* _PROVIDED INFORMATION_
***

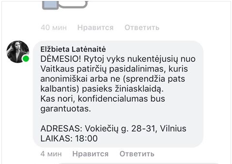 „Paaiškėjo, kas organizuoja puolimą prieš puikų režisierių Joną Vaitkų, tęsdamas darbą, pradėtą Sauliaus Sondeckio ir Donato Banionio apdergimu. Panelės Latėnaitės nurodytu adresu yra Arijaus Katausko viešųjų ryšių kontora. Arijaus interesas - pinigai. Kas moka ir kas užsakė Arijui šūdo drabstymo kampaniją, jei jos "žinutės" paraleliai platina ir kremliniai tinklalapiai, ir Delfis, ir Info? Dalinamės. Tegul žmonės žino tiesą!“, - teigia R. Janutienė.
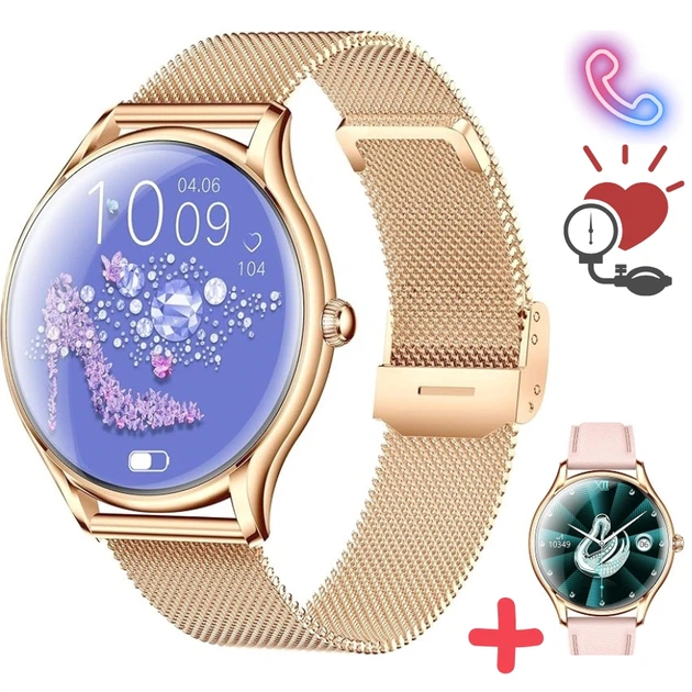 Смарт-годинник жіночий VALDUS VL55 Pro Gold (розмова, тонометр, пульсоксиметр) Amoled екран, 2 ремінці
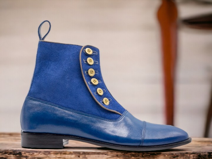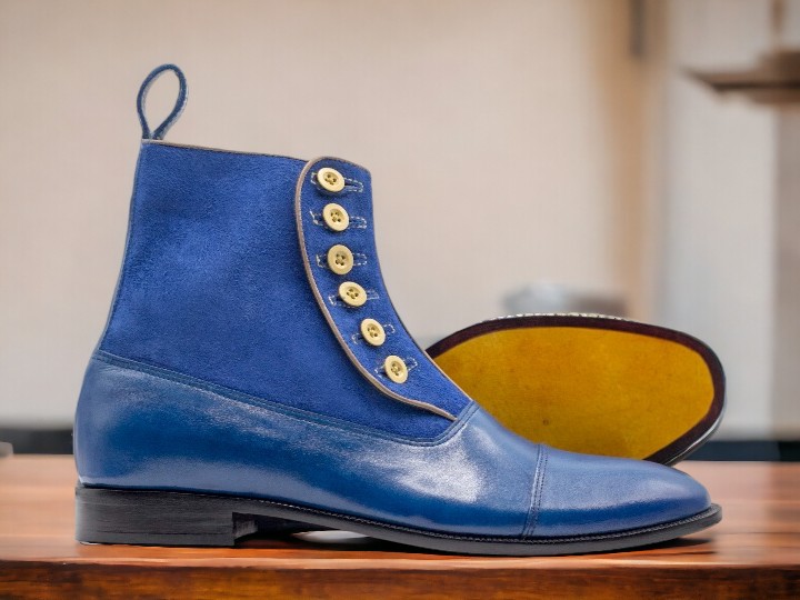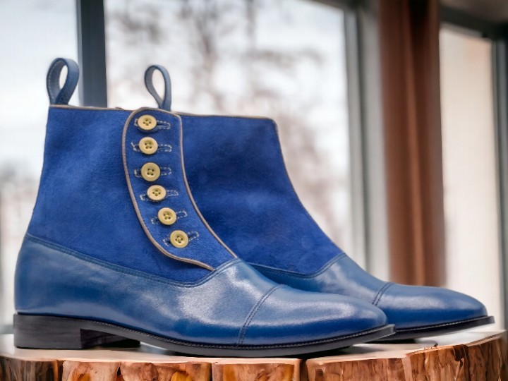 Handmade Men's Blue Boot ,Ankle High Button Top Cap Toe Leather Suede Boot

***

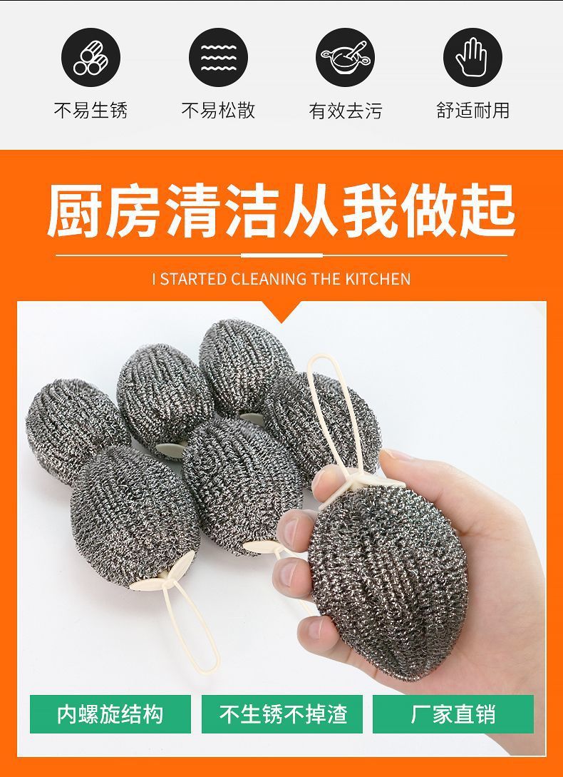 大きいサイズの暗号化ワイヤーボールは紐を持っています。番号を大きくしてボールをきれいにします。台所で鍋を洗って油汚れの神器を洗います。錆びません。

***

* _THE PROBLEM_
Look above for the line with "teigia R. Janutienė."; quote it and every line after it, stopping after the line with "Handmade Men's Blue", exactly, with nothing added and without pictures.

* _RESULT FOR THIS TASK_
 „Paaiškėjo, kas organizuoja puolimą prieš puikų režisierių Joną Vaitkų, tęsdamas darbą, pradėtą Sauliaus Sondeckio ir Donato Banionio apdergimu. Panelės Latėnaitės nurodytu adresu yra Arijaus Katausko viešųjų ryšių kontora. Arijaus interesas - pinigai. Kas moka ir kas užsakė Arijui šūdo drabstymo kampaniją, jei jos "žinutės" paraleliai platina ir kremliniai tinklalapiai, ir Delfis, ir Info? Dalinamės. Tegul žmonės žino tiesą!“, - teigia R. Janutienė.
 Смарт-годинник жіночий VALDUS VL55 Pro Gold (розмова, тонометр, пульсоксиметр) Amoled екран, 2 ремінці
 Handmade Men's Blue Boot ,Ankle High Button Top Cap Toe Leather Suede Boot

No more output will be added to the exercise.